C’est dans ce contexte général que les indépendances sont intervenues en 1960 et ce fut le tournant du néo-colonialisme. Ainsi les pouvoirs néo-coloniaux mis en place conscients de la force du mouvement syndical s’orientèrent vers des pouvoirs avec parti unique et centrale syndicale unique à l’exception de notre pays la Haute Volta. à l’époque. L’objectif recherché était de caporaliser les syndicats pour mieux opprimer les peuples et les travailleurs.

Quelques remarques conclusives en guise de pistes de réflexion.

A la fin de notre bref aperçu sur le sujet nous nous devons de souligner deux choses permettant au chrétien de pouvoir se déterminer par rapport à son adhésion ou non adhésion à un syndicat avec pour conséquences son implication ou manque d’implication dans toutes les luttes y afférant.
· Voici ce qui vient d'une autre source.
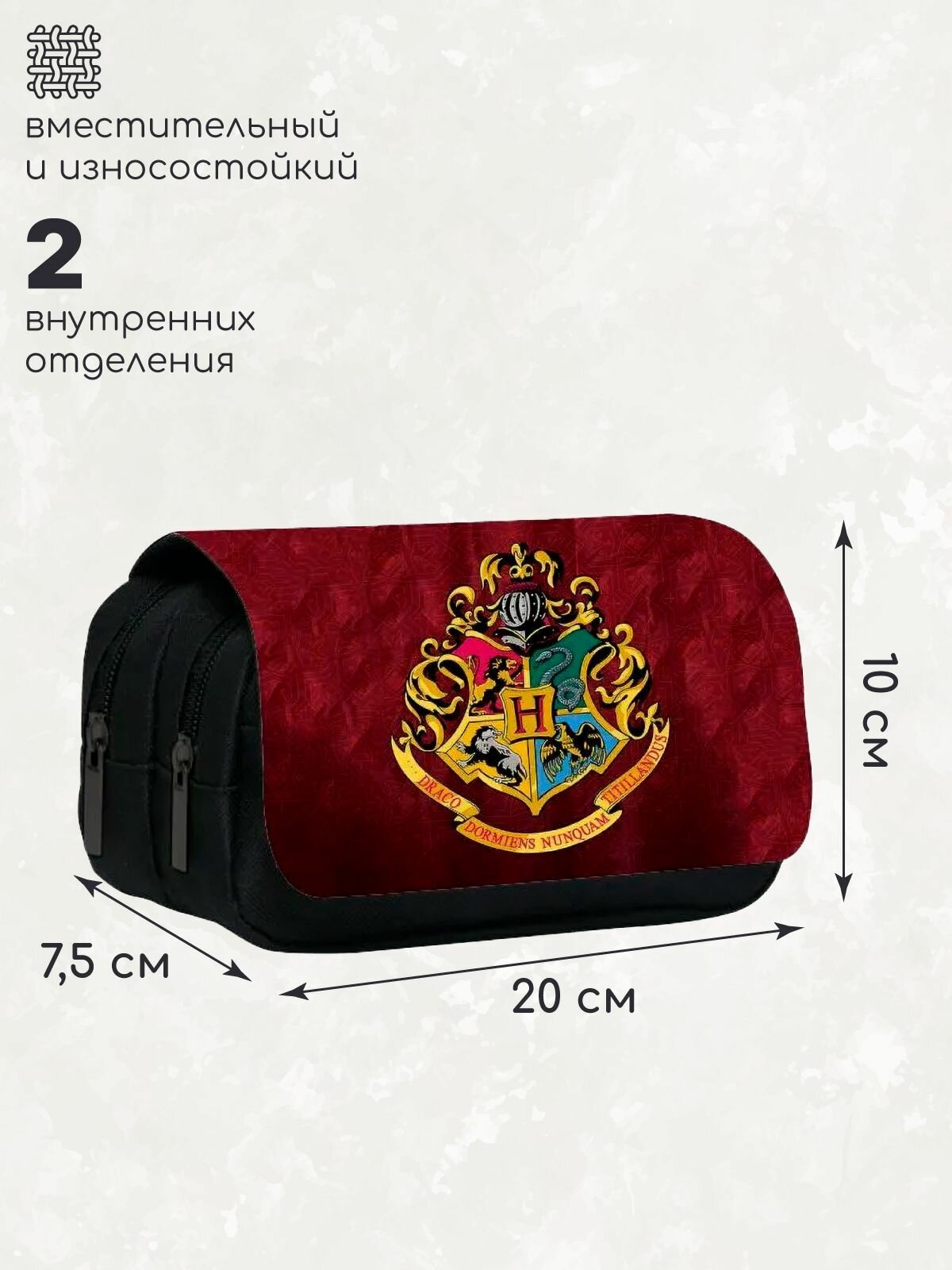 Школьный пенал с цветным гербом Хогвартс бордо / Гарри Поттер информация:

-Le syndicalisme dans sa définition étymologique a une éthique : c’est la défense de la justice, le droit, le bien-être des travailleurs. A cela nous souscrivons pleinement. Le syndicat, l’opposition, sont un contre pouvoir pour corriger le pouvoir au besoin. L’Eglise reste la conscience de l’état
Mais nous savons aussi qu’il ya un syndicat militantiste qui bien qu’étant un contre pouvoir cherche plutôt la récupération dudit pouvoir :le syndicalisme devient un tremplin, les travailleurs un moyen pour assouvir des fins inavouées . Nous ne nous reconnaissons pas de ce type de syndicalisme. Qu’ils se constituent en parti politique d’opposition avec l’éthique politique qui sied à l’opposition si les tenants veulent conquérir le pouvoir.
Il est bien vrai que le chrétien s’attend plus Dieu qu’aux hommes pour la défense de ces droits mais étant dépositaires d’un éthique divine peut –il se taire sous le prétexte d’une soit disante neutralité quand les droits fondamentaux des travailleurs sont bafoués ? Ceux qui luttent sont ceux qui vivent et qui préparent la génération à venir. Il nous faut avoir une neutralité « éclairée ». Être soumis aux autorités ne veut pas dire renoncer au combat pour la justice et la vérité. Elie a été taxé de « celui qui trouble Israël. »
Les moyens de lutte peuvent varier (ex : la non violence de Martin Luther King), mais la lutte doit continuer sous le regard de Dieu.